Original Question: After doing a lot of research, I am not very comfortable about continuing to feed Teddy a "high end" commercial dog food. I want to feed her food cooked at home but I want to make sure that she is getting all of the vitamins and minerals that she needs to grow and develop correctly. Do you have any holistic recipes that would provide her the vitamins and minerals from her food? I was going to cook leg and thigh quarters of chicken (of course removing the bones & saving for a stock). Also adding green beans, carrots, beet pulp, boiled eggs & blending eggs shells for calcium. If not can you recommend a supplement to add. - Amy
Thanks for your question!
It is wonderful that you want to provide the best possible nutrition for your dog. The benefit of feeding a commercial diet is that you can be assured it is nutritionally balanced, having all the vitamins and minerals your pet needs. It also provides a cost-effective and convenient option for most pet owners. You can certainly also achieve a balanced home-cooked diet, but it does take a lot of careful planning and time to do correctly.

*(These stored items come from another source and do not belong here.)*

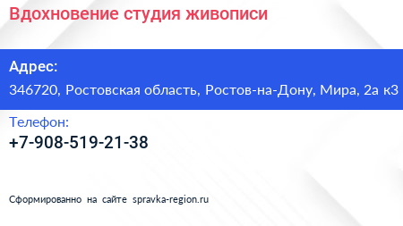 Вдохновение, студия живописи по адресу 346720, Ростовская область, Ростов-на-Дону, Мира, 2а к3 в дальнейшем Организация, размещена в следующих категориях:
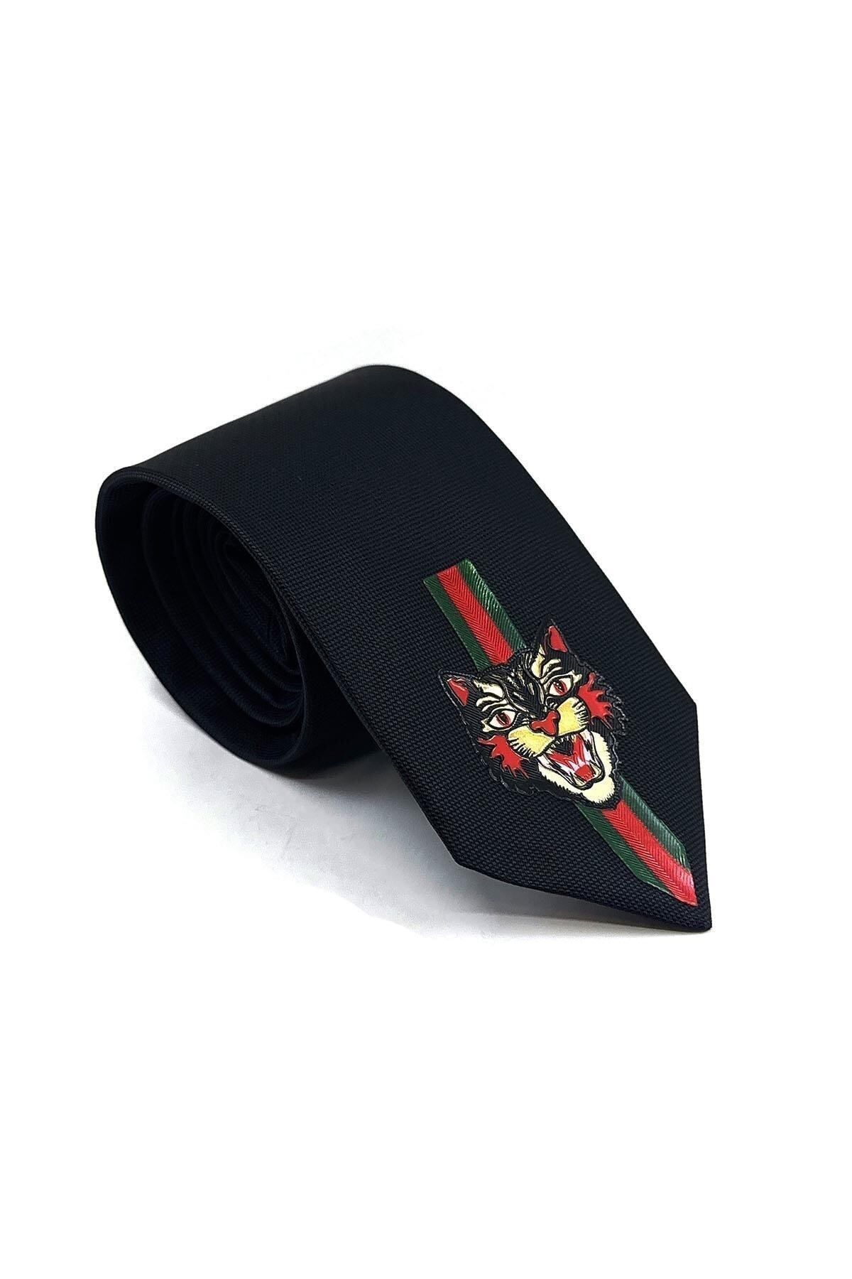 خرید اینترنتی کراوات طرح ببر ساده مشکی KK11688 برند La Pescara اورجینال از Kravatkolik نمایندگی ترکیه
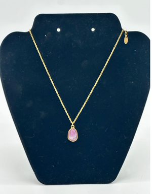 Rose Quartz Natural Stone 18k Gold Plated Stainless Steel Chain Necklace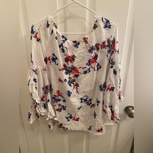 Fever Off-The-Shoulder Top EUC (Just Needs Steamed) Size: Large Color: White w/ Multi-colored Flowers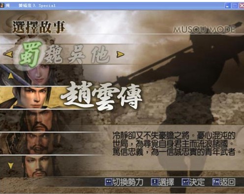 真三國無雙4猛將傳圖文攻略概況:控制一名武將(能力、武器初期設(shè)定),無限關(guān)卡,敵兵不掉回復(fù)道具。不能獲得新武器,只能強(qiáng)化初期武器。無法存檔,只能中斷儲(chǔ)存,讀檔即消原檔(對(duì)策是2塊記憶卡互相考)。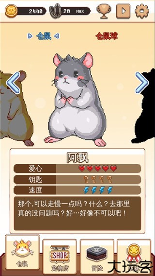 解锁带有属性差异的仓鼠和对应护球,自由组队出战。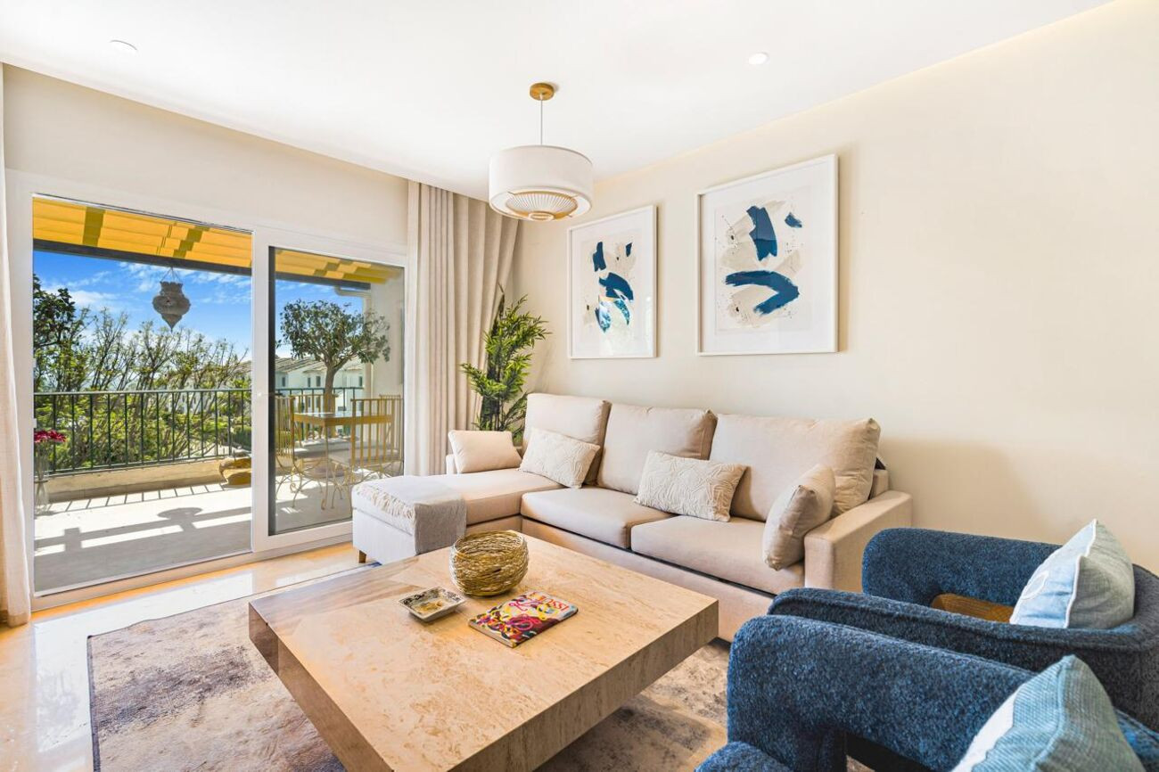 Velkommen til Casa Lucia! Denne 2-værelses rækkehus er beliggende i den attraktive Cerro Blanco-beboelse i Marbella, der kombinerer moderne design med middelhavsk charme. Ejendommen har et lyst stue møbleret med behagelige, neutralt farvede siddepladser, accentueret af blå stole og en moderne pejs for ekstra varme. Rummet går sømløst over i et spisested med et glaspladesbord og et stilfuldt loftslys.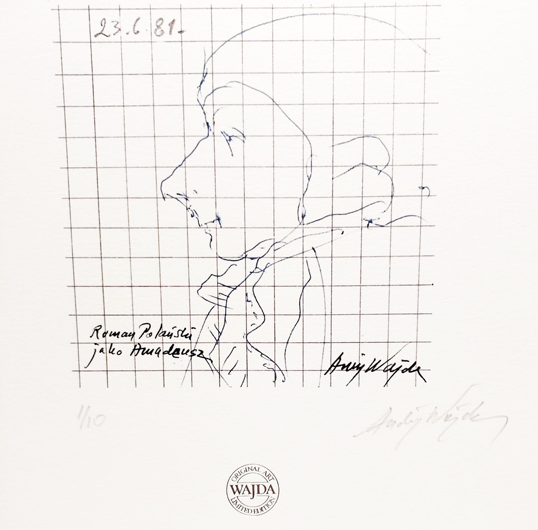 Rozmiar arkusza: 40 x 34,5 cm. Inkografia jest sygnowana przez Artysty ołówkiem p.d.: "Andrzej Wajda" oraz stemplowana tłokiem z napisem; "ORIGINAL ART - WAJDA - LIMITED EDITION". Odbitka nr 1/10. Rok powstania oryginału: 1981.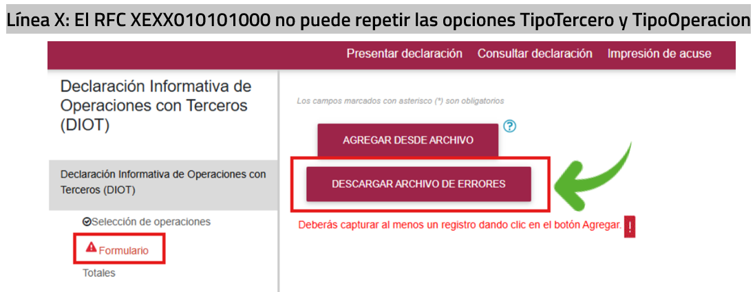 Solución en DIOT SAT: Línea X – El RFC XEXX010101000 no puede repetir las opciones TipoTercero y TipoOperacion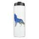 Cette conception est le contour d'un loup hurlant avec un dégradé de couleur bleu à beige et la silhouette d'un arbre à l'intérieur.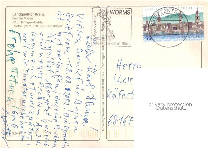 73759938 alte Postkarte Behla Landgasthof Kranz postalisch gelaufen Erhaltung siehe scans [FriedD77] KatCode: 11110008326027
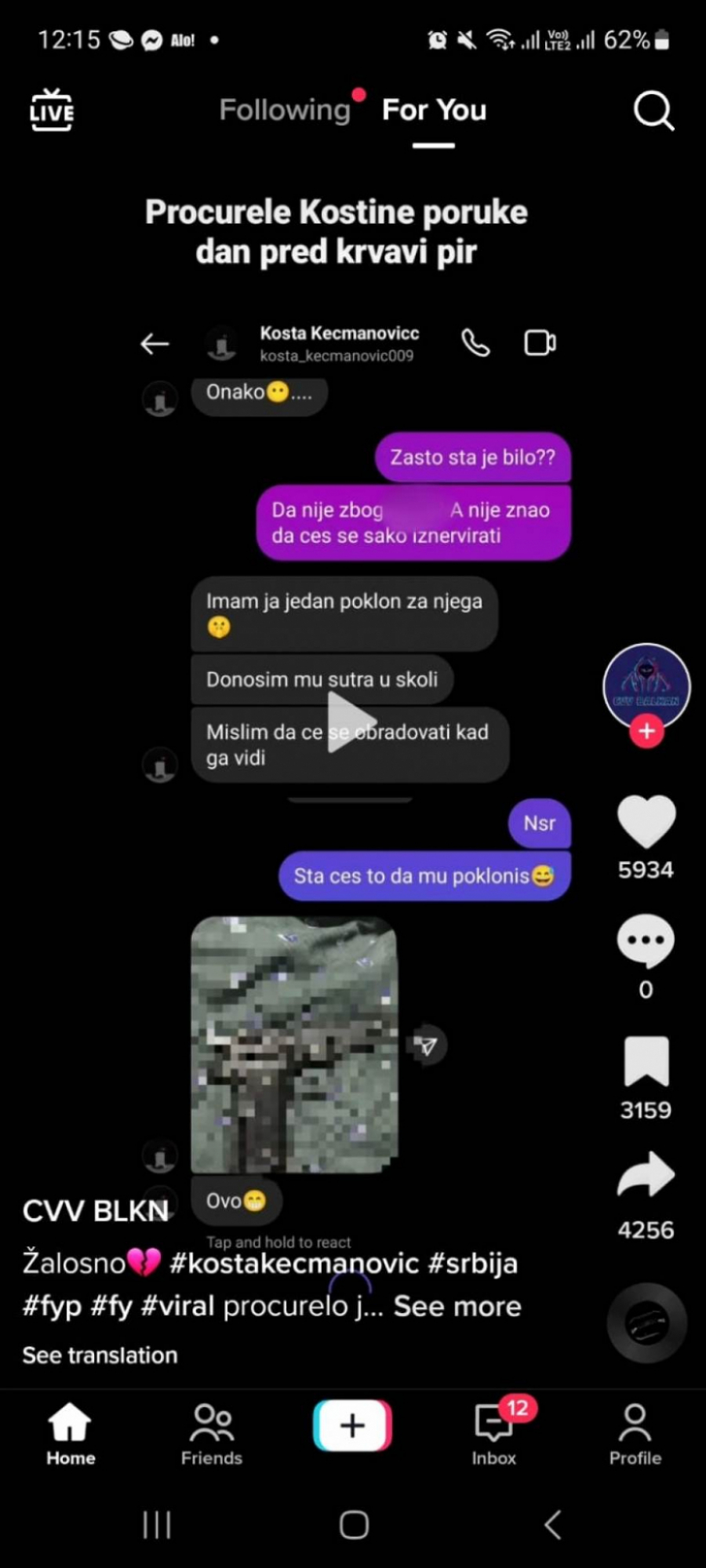 "IMAM JA JEDAN POKLON ZA NJEGA" Mrežama kruži navodna prepiska Koste sa drugom dan uoči masakra (FOTO)

The most important thing to remember is that it is very difficult to know how much of each food item to add to get the right amounts of nutrients, vitamins and minerals. For this reason, I always recommend following a recipe. There are some excellent home-cooked recipes available that are developed by veterinarians and nutritionists. There are also a lot of recipes out there that are not based on sound nutritional science, so please be cautious. A vitamin and mineral supplement designed for dogs (not the same as for cats – as the requirements vary) is typically required to ensure the diet is balanced. I cannot recommend a specific recipe or product here, but your veterinarian will be able to provide you with this information. In addition, one reliable resource you may find helpful regarding pet nutrition is the American College of Veterinary Nutrition (http://www.acvn.org).
Additional factors to consider are the pet’s age, and if there are any illnesses. Puppies, adults and senior pets all have different nutritional needs, and a recipe for one may not be appropriate for another. There are also many health conditions that will determine which recipe to use. For example, if a pet has food allergies then you will need to tailor the diet to avoid certain ingredients. It is best to work with your veterinarian to figure all of this out – they may consider consulting with a board certified veterinary nutritionist to design something exclusively for your pet’s needs.
I hope this gives you some insight – wishing you all the best.